Nerve conduction studies performed 2 years from symptom onset showed a normal right tibial compound muscle action potential (CMAP), reduced right sural sensory nerve action potential (SNAP), absent right superficial fibular SNAP, and absent right fibular CMAP. The F-wave latency was prolonged in the right tibial nerve. Needle electromyography showed fibrillation potentials in the right tibialis anterior, and no motor unit potentials (MUPs) were recruited. Fibrillation potentials and large MUPs were noted in the right medial gastrocnemius, short head of the biceps, gluteus maximus, and gluteus medius. Vastus medialis needle examination was normal. Biopsy of the right fibular nerve at the level of the knee showed moderate, generalized axonal loss with Wallerian-degeneration but indicated no specific etiology for the neuropathic process.

Based on imaging characteristics, a working diagnosis of hypertrophic inflammatory neuropathy was made, and a course of 2 grams (grams/kg) of intravenous immuonoglobulin was initiated in divided doses over five days, followed one month later by a second identical course. No benefit was appreciated. He was referred for subspecialty peripheral nerve consultation in evaluation of this problem.

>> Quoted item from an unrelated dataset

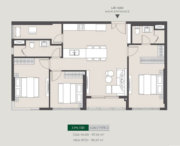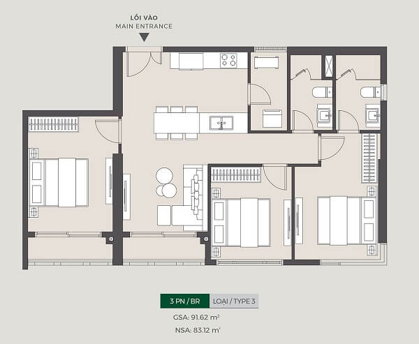 Các căn hộ 3 phòng ngủ tại Lumiere Boulevard được đặt tại vị trí góc tầng, mang lại lợi thế về khả năng thoáng mát từ nhiều hướng khác nhau. Tận dụng điều này, chủ đầu tư đã bố trí các phòng ngủ với cửa sổ lớn hướng ra ngoài, đảm bảo sự thông thoáng cho từng phòng ngủ và cả căn hộ. Phòng khách được thiết kế để kết hợp với không gian bếp và khu vực ăn, tạo ra một không gian sống chung cho toàn gia đình. Các căn hộ cũng có khu vực ban công và sân phơi riêng biệt, đảm bảo tính thẩm mĩ và lưu thông không khí, mang lại sự thoáng đãng cho toàn bộ căn hộ.

On neurologic examination 5 years from symptom onset, he had normal mental status, speech, and cranial nerve exam. Motor and sensory examination of the upper extremities and the left leg was unremarkable. In the right leg, he had marked atrophy of the buttocks, hamstrings, tibialis anterior, and calf muscles. He had MRC grade 4 strength of hip abduction sparing hip flexion, grade 4 strength of knee flexion, normal strength of knee extension and adduction, without movement in ankle dorsiflexion, toe extension, and eversion, and grade 3 strength of ankle inversion, toe flexion, and plantar flexion. Tendon stretch reflexes were mildly reduced at the right patellar tendon, moderately reduced at the right Achilles tendon and were normal elsewhere. Sensory examination demonstrated panmodal sensory loss of the dorsolateral foot and lower leg.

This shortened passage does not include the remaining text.